Las siglas cuentan mucho. Pregúntenle a Meade. Unas siglas nuevas generan el espejismo de que un partido es fresco. El cambio de siglas es mágico. Ocurrió con el PRD en 1989; surgió de una ruptura del viejo PRI en el momento de su conversión hacia el neoliberalismo. Vino entonces la ilusión de un nuevo partido comprometido verdaderamente con el progreso. Pero pasó el tiempo y, en aras de debilitar al PRI, el PRD empezó a aceptar priístas. Sus nuevos miembros, al saltar de partido, se purificaban. Pero el PRD fue perdiendo credibilidad: en sus gobiernos hubo corrupción, abusos, antidemocracia y opacidad.

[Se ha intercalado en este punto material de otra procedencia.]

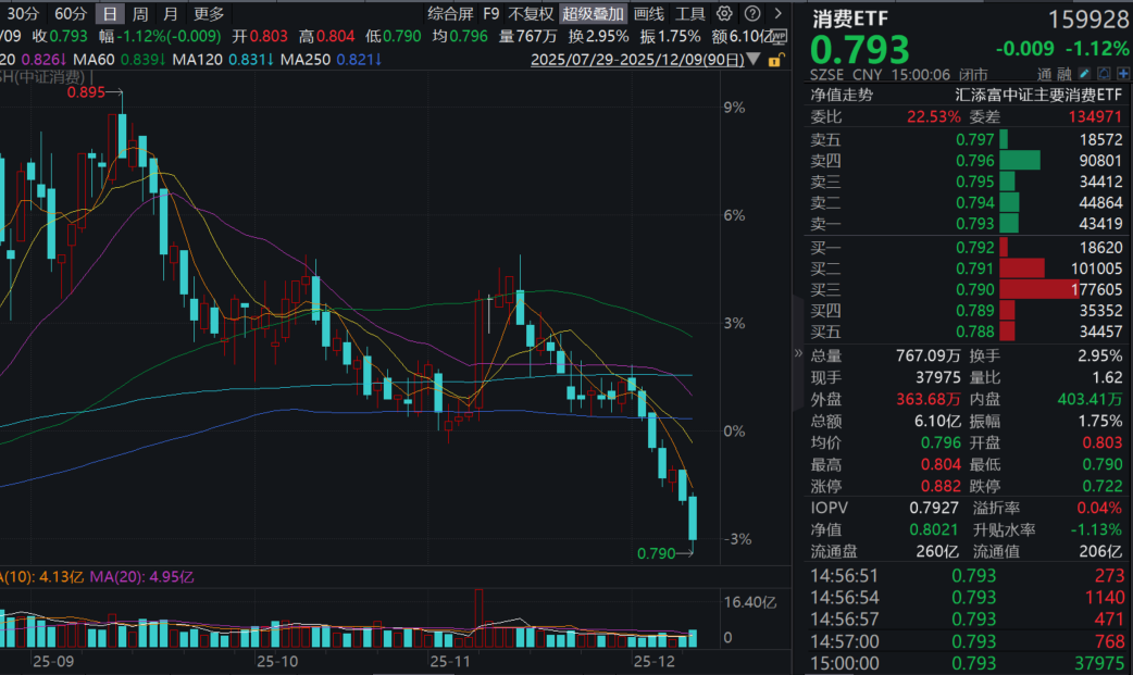 今日(12.9),港股新消费再度回调,港股通消费50ETF(159268)收跌1.58%,全天成交额超3000万元!资金面上,全天“吸金”800万份,规模同类持续领先!港股新消费概念股集体下挫,泡泡玛特跌超5%,周大福跌超4%,老铺黄金跌近3%。(成分股仅做展示,不作为个股推介)

Morena surgió de una ruptura con el PRD. La razón que dio Amlo no fue la adopción de un nuevo modelo económico, sino su participación del PRD en el Pacto por México. Pero la ruptura de Morena se dio antes. La verdadera razón fue la pérdida de influencia de Amlo en el PRD: tras su derrota de 2012, empezó a perder fuerza dentro del sol azteca. Ni siquiera había garantía de que pudiera ser candidato en 2018. Requería de un nuevo partido. Calculó bien, pues buena parte de los votos que él recibía eran de él, no del PRD. Acusando al PRD de corrupción y claudicación de principios, las siglas de Morena surgirían como símbolo de pureza. Que el nuevo partido sea nutrido por muchos que militaban en el PRD corrupto, además de por miembros del PRIAN, es lo de menos. Ahora pertenecen al partido que se presenta como un referente moral.

Y la magia que las nuevas siglas ejercen en millones de ciudadanos se traduce en millones de votos. Aquello que ofrezca el PRI y el PAN no goza de credibilidad: gobernaron y no cumplieron. Las promesas del nuevo partido suenan creíbles porque jamás ha gobernado, aunque muchos de sus dirigentes sí lo hayan hecho, siendo corresponsables de la situación que ahora se condena. Algo semejante ocurrió con El Bronco en Nuevo León, bajo el espejismo de su candidatura independiente. Ahí hicieron caso omiso de sus 30 años de militancia priísta. La magia de las nuevas siglas explica lo que está ocurriendo. Así, cuando se impone el hartazgo, hay una fuerte motivación para que el elector pruebe con un partido formal y nominalmente nuevo (e incluso, idealizarlo como un genuino referente moral).